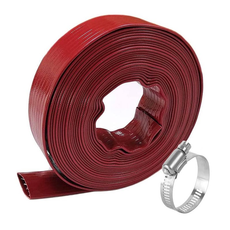 - [WIDELY APPLICATIONS] Lay-flat discharge hose is easy to connect to the pump, and easy to roll up and store in a dry place out of direct sunlight for storage. Essential pool supplies as sump pump discharge hose, trash pump discharge hose, pool drain hose.
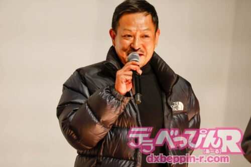 まず、登壇者の自己紹介があり、髙原プロデューサーから「エッチですごい女でしょ」と言われたあいりちゃんは、「スケベな女を演じました」とコメント。撮影現場の雰囲気については、「和気あいあいとしていました」と語り、大画面で上映を観た際の感想を「あらためて大画面での上映を観ると、感動があり、笑いもありで楽しかったです」と語りました。
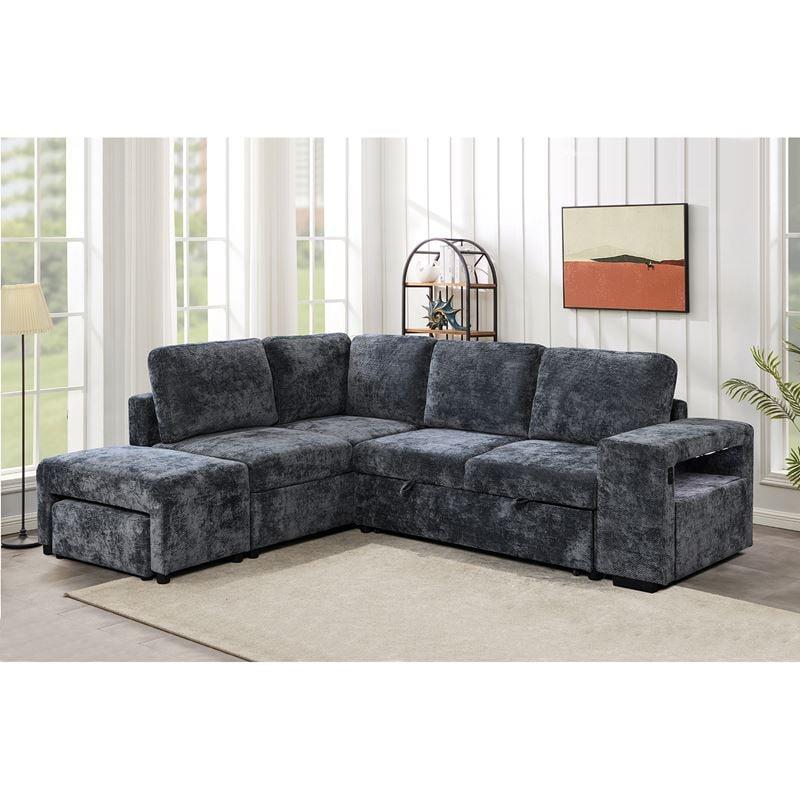 FLEXY Καναπές Δεξιά Γωνία - Κρεβάτι, με Χώρους Αποθήκευσης φωτιζόμενο, Ύφασμα Ανθρακί
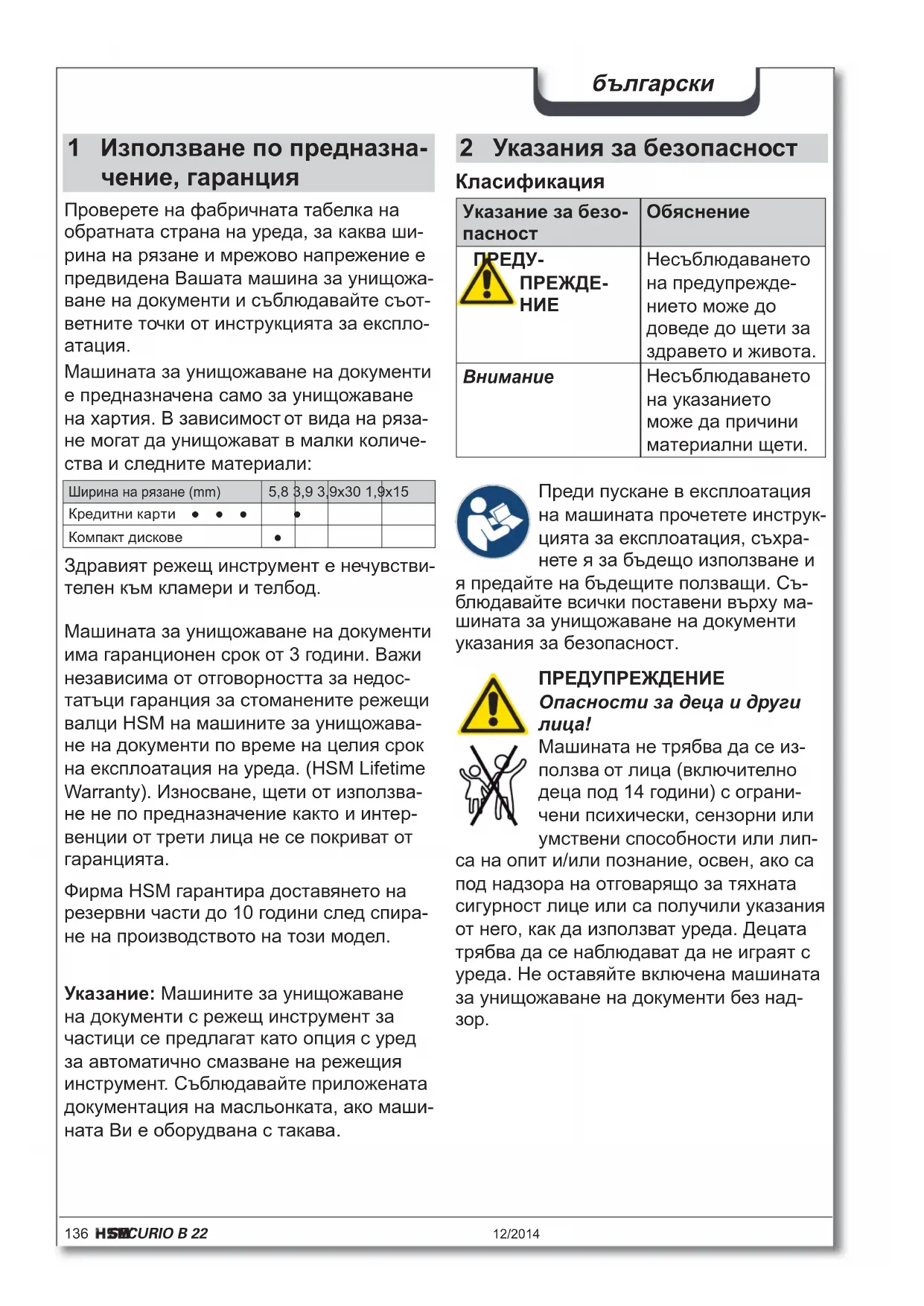 Машината за унищожаване на документи е предназначена само за унищожаване на хартия. В зависимост от вида на ряза- не могат да унищожават в малки количе- ства и следните материали: Ширина на рязане (mm) 5,8 3,9 3,9x30 1,9x15 Кредитни карти ● ● ● ● Компакт дискове ● Здравият режещ инструмент е нечувстви- телен към кламери и телбод. Указание: Машините за унищожаване на документи с режещ инструмент за частици се предлагат като опция с уред за автоматично смазване на режещия инструмент. Съблюдавайте приложената документация на масльонката, ако маши- ната Ви е оборудвана с такава. Машината за унищожаване на документи има гаранционен срок от 3 години. Важи независима от отговорността за недос- татъци гаранция за стоманените режещи валци HSM на машините за унищожава- не на документи по време на целия срок на експлоатация на уреда. (HSM Lifetime Warranty). Износване, щети от използва- не не по предназначение както и интер- венции от трети лица не се покриват от гаранцията. Фирма HSM гарантира доставянето на резервни части до 10 години след спира- не на производството на този модел.12/2014 SECURIO B 22 137
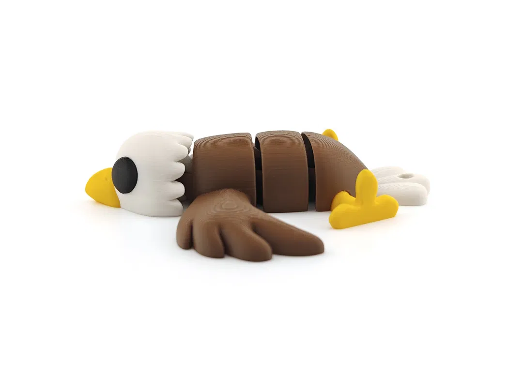 Mẫu Đại bàng (Eagle) dạng articulated/flexi. Đi kèm 3MF multicolor, STL dễ sơn multicolor, bản keychain và file split-color cho máy in single-color (không cần AMS).
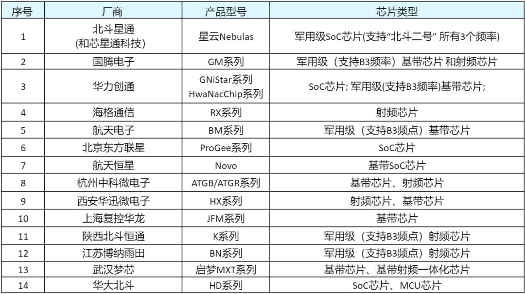 国内北斗芯片主要厂商及其产品 来源:公开资料整理
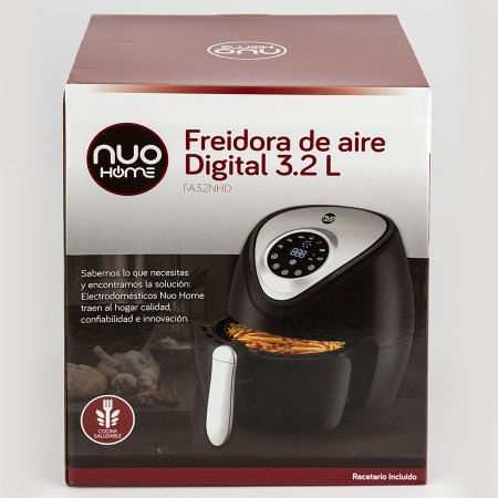 La Freidora de Aire Digital Nuo Home 3.2 Litros Negra FA3.2NHD es la herramienta perfecta para quienes buscan una forma más saludable de disfrutar sus comidas favoritas. Con una capacidad de 3.2 litros, esta freidora es ideal para preparar porciones generosas de alimentos crujientes y deliciosos con hasta un 85% menos de grasa, gracias a su tecnología de circulación de aire caliente. Equipada con una pantalla digital fácil de usar, puedes seleccionar entre una variedad de ajustes de temperatura y tiempo para obtener resultados perfectos en cada preparación. Su diseño elegante en color negro no solo complementa cualquier cocina, sino que también es fácil de limpiar gracias a su canasta desmontable y revestimiento antiadherente. Características clave: Capacidad: 3.2 litros, ideal para familias pequeñas o medianas.Pantalla digital: Permite un control preciso de temperatura y tiempo.Tecnología de aire caliente: Cocina con hasta un 85% menos de grasa.Diseño elegante: Acabado en negro que se adapta a cualquier estilo de cocina.Fácil de limpiar: Canasta desmontable y revestimiento antiadherente.Versatilidad: Perfecta para freír, hornear, asar y tostar.
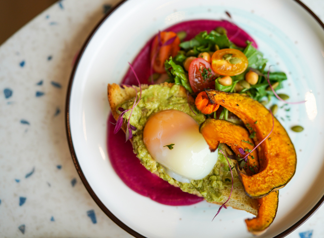 Brunch lovers will like the Avo & Labu, a smashed avocado toast with roasted pumpkin and poached egg that’s nearly outshone by the coupling of a zesty chickpea salad with beetroot hummus (RM28).
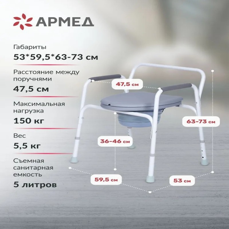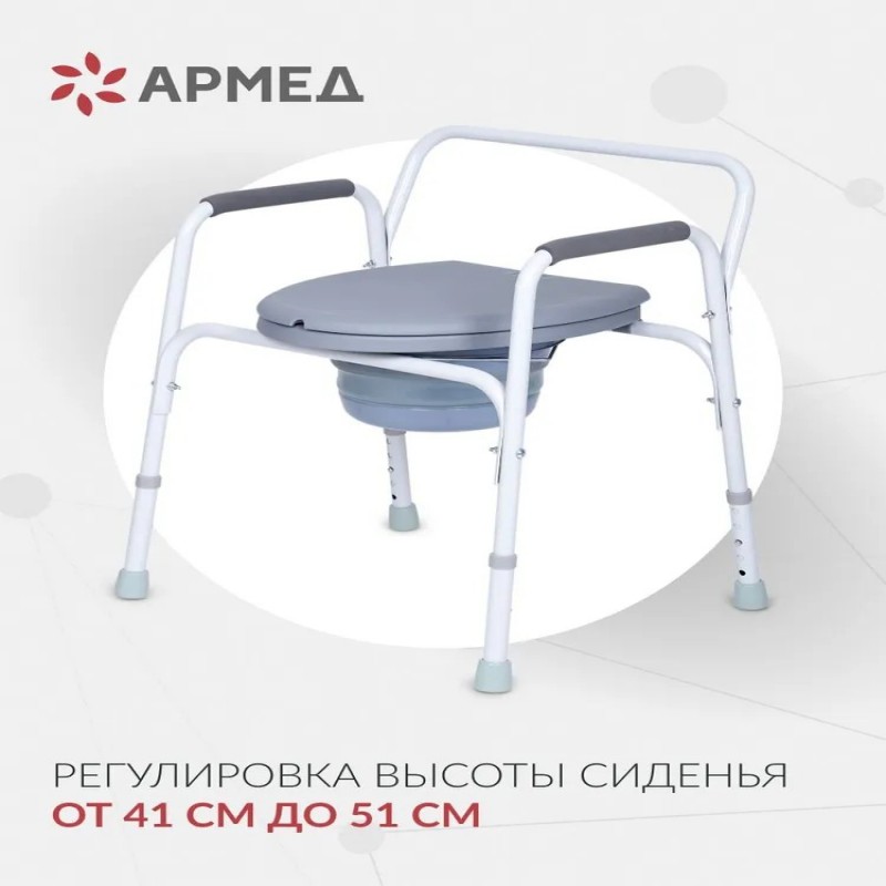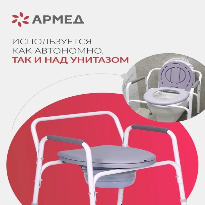 Кресло можно использовать автономно для санитарно-гигиенических нужд, а также путем установки над унитазом. Для устойчивого положения кресла предусмотрены нескользящие резиновые наконечники.
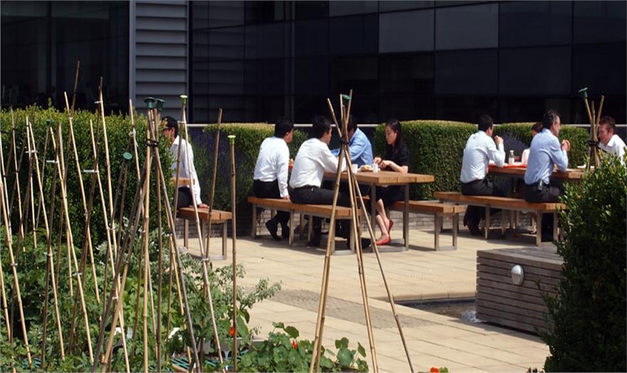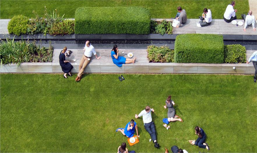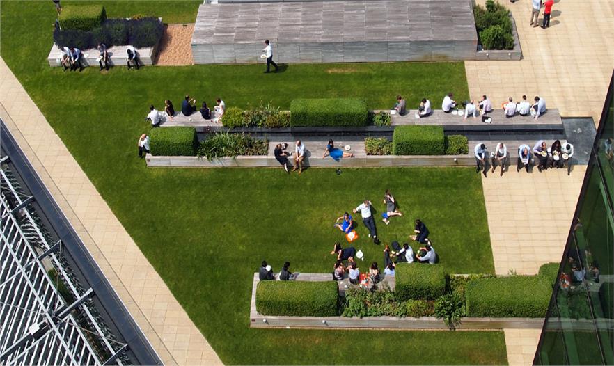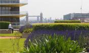 該建筑有2個(gè)陽臺(tái),分別是2500平方米以及500平方米。設(shè)計(jì)師對(duì)此進(jìn)行巧妙的設(shè)計(jì),最大化觀賞泰晤士河上的景象。最大的一個(gè)花園包括2個(gè)線性水道,設(shè)有水池和小瀑布,構(gòu)成主要的景觀特色。伊羅科木用于建造花盆和座位元素,種植多年生植物、設(shè)置常綠綠籬,為全年增添色彩。約克石鋪裝路面提供休閑和活動(dòng)空間,同時(shí)草坪可用于夏季使用。一部分露臺(tái)讓工作人員種植自己的植物和食物,在不能進(jìn)入的屋頂區(qū)域設(shè)置蜂房。
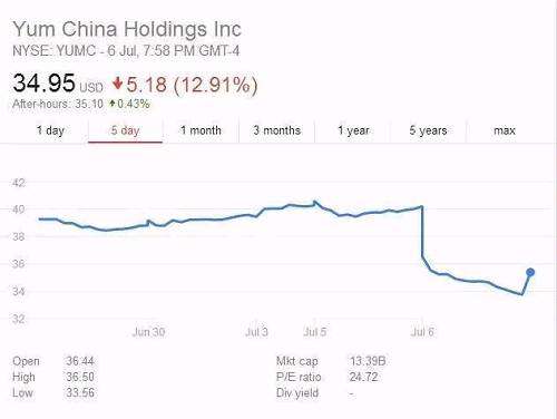 昨天(7月6日),肯德基和必勝客的母公司百勝中國(Yum China)在美股市場遭遇了一次突如其來的暴跌,跌幅高達12.91%。
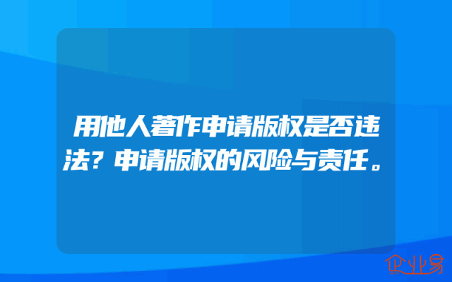 - 用他人著作申请版权是否违法?申请版权的风险与责任。
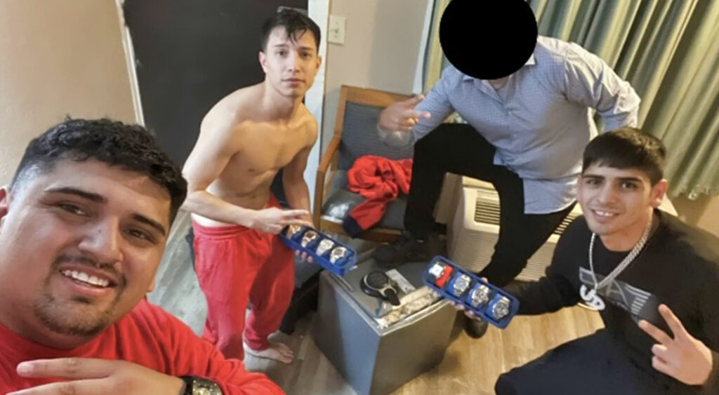 The picture below shows Pablo Zuniga Cartes, Ignacio Zuniga Cartes, Bastian Jimenez Freraut, and an unknown fourth man. Federal prosecutors said this is proof of part of the haul from Portis’ home.
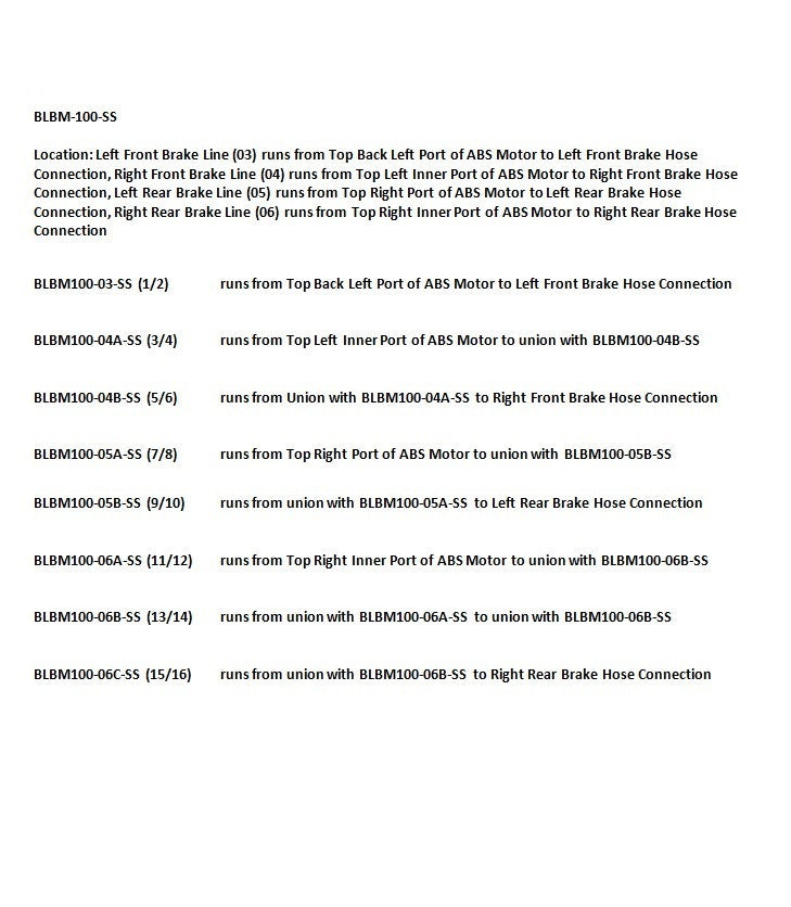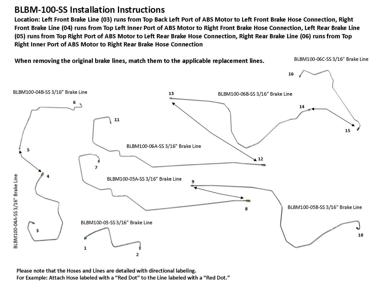 Please Note: Before installing your brake line, shipping bends will need to be removed from the lines labeled BLBM100-05A-SS, BLBM100-05B-SS, BLBM100-06A-SS, BLBM100-06B-SS. See the video below on how to remove the shipping bend
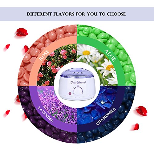 - ❤4 Different Ingredients: 4 different flavors hard wax beans made from natural ingredients: Chamomile, Rose, Lavender and Honey. You can choose according to your own preference,leaving your skin smooth all along with pleasant smells.
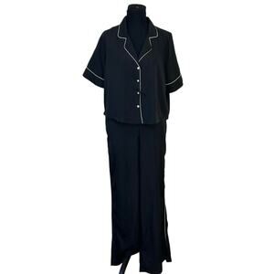 Jason Wu Black Pajama Set Women’s L Short Sleeve Button Top Pants White Piping
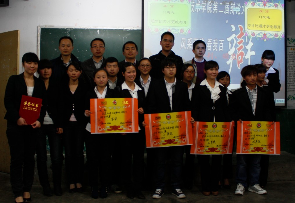 决赛分上下两场,分别就“先成家还是先立业”和“专才与通才谁更吃得开”进行辩论。高潮迭起,惊喜不断,辩论双方短兵相接,互不示弱,或气势逼人,或机智诙谐,从多角度多层面对辩题进行了深刻的诠释与剖析。紧张激烈的比赛现场,淡定从容的参赛选手,赢得了场下同学的阵阵掌声。经过两个小时的决赛的紧张角逐,最终2011工造、2011电气和2012学前教育分别获冠军、亚军和季军,2011电气刘廷秀同学荣获“最佳辩手”称号。
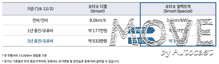 포터 EV의 높은 경제성도 판매에 긍정적인 영향을 미쳤다. 포터2 일렉트릭은 58.8kWh의 배터리를 탑재해 완전 충전 시 최대 211km를 주행할 수 있다. 이를 통해 연 주행거리 15000km 기준 충전비는 약 107만원으로 디젤 모델의 유류비 177만원에 비해 연간 약 70만원을 절약할 수 있다.
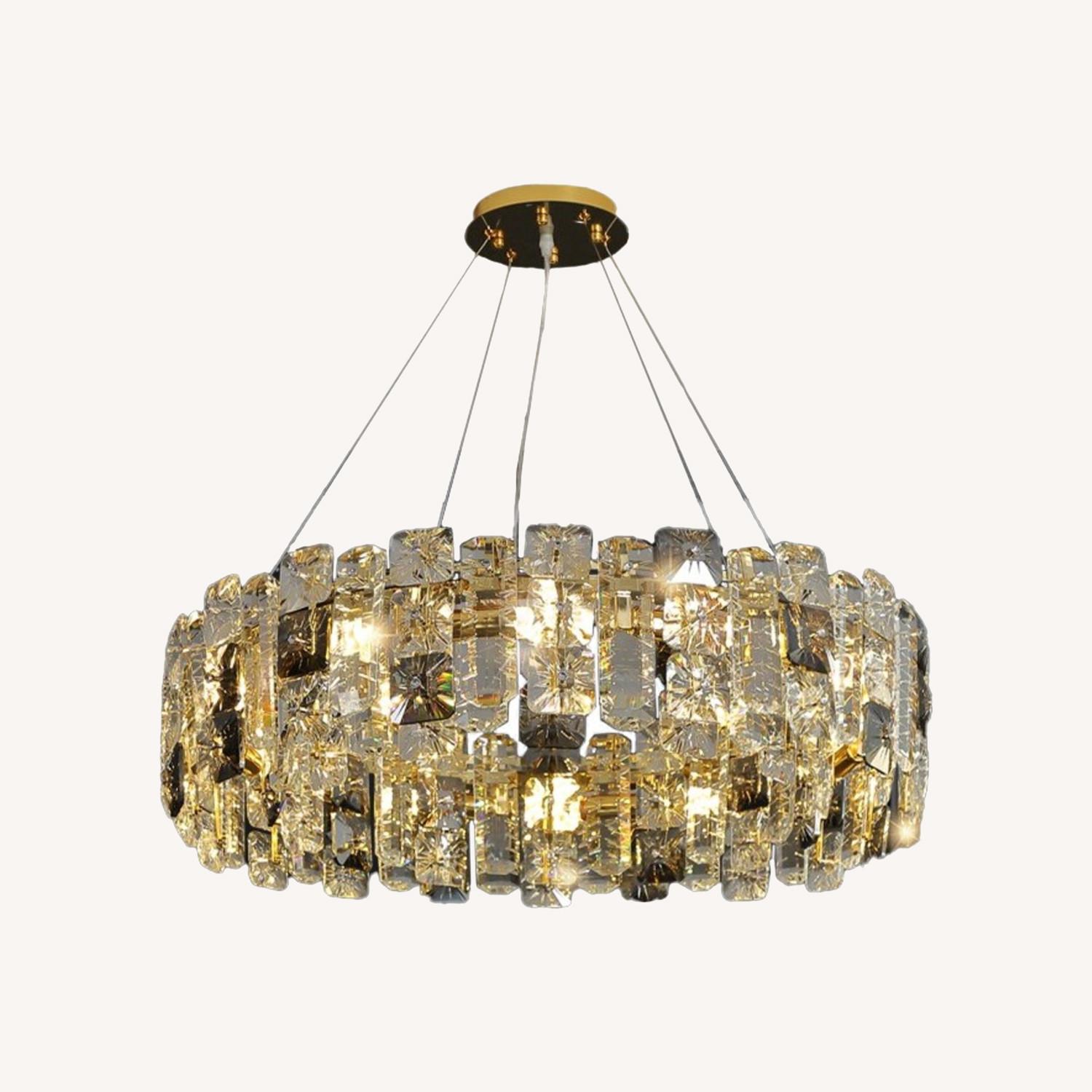 Seller's Notes:This modern chandelier is the epitome of sophistication and elegance, designed to elevate the ambiance of any living space. Crafted with precision, it features a stunning round shape adorned with glistening crystals, exuding a luxurious and contemporary charm. Perfect for both the bedroom and living room, this crystal lighting fixture adds a touch of glamour to any home decor. Its modern design seamlessly blends with various interior styles, making it a captivating focal point in any room. Elevate your space with this exquisite luxury round crystal chandelier, and bask in the enchanting glow it provides. Product parameters: Style: Modern Material: Metal, Crystal Body color: Gold Crystal color: Size: 6 Bulbs: Dia19.7xH7.5" / Dia50xH19cm - 33 lbs (15kg) Suspension wire: L19.7" / 50cm (Adjustable) Light Source: E12 LED Bulbs (Included) - 6 Bulbs Emitting color: Warm light 3000K / Dimmable Voltage: AC110-240V UL Certified: YES Apply: Living Room, Dining Room, Bedroom, Kitchen Island, Hall, Lobby, Restaurant, Bar Applicable area: 10-30sq.
■ ■ ■ ■
# [PROMPT]
Everything from the line with "- 用他人著作申请版权是否违法?申请版权的风险与责任。" down to the line with "포터 EV의 높은 경제성도" in the data above should be copied exactly, with both end lines kept and the pictures left out.

# [OUTPUT BELOW]
 - 用他人著作申请版权是否违法?申请版权的风险与责任。
 The picture below shows Pablo Zuniga Cartes, Ignacio Zuniga Cartes, Bastian Jimenez Freraut, and an unknown fourth man. Federal prosecutors said this is proof of part of the haul from Portis’ home.
 Please Note: Before installing your brake line, shipping bends will need to be removed from the lines labeled BLBM100-05A-SS, BLBM100-05B-SS, BLBM100-06A-SS, BLBM100-06B-SS. See the video below on how to remove the shipping bend
 - ❤4 Different Ingredients: 4 different flavors hard wax beans made from natural ingredients: Chamomile, Rose, Lavender and Honey. You can choose according to your own preference,leaving your skin smooth all along with pleasant smells.
 Jason Wu Black Pajama Set Women’s L Short Sleeve Button Top Pants White Piping
 决赛分上下两场,分别就“先成家还是先立业”和“专才与通才谁更吃得开”进行辩论。高潮迭起,惊喜不断,辩论双方短兵相接,互不示弱,或气势逼人,或机智诙谐,从多角度多层面对辩题进行了深刻的诠释与剖析。紧张激烈的比赛现场,淡定从容的参赛选手,赢得了场下同学的阵阵掌声。经过两个小时的决赛的紧张角逐,最终2011工造、2011电气和2012学前教育分别获冠军、亚军和季军,2011电气刘廷秀同学荣获“最佳辩手”称号。
 포터 EV의 높은 경제성도 판매에 긍정적인 영향을 미쳤다. 포터2 일렉트릭은 58.8kWh의 배터리를 탑재해 완전 충전 시 최대 211km를 주행할 수 있다. 이를 통해 연 주행거리 15000km 기준 충전비는 약 107만원으로 디젤 모델의 유류비 177만원에 비해 연간 약 70만원을 절약할 수 있다.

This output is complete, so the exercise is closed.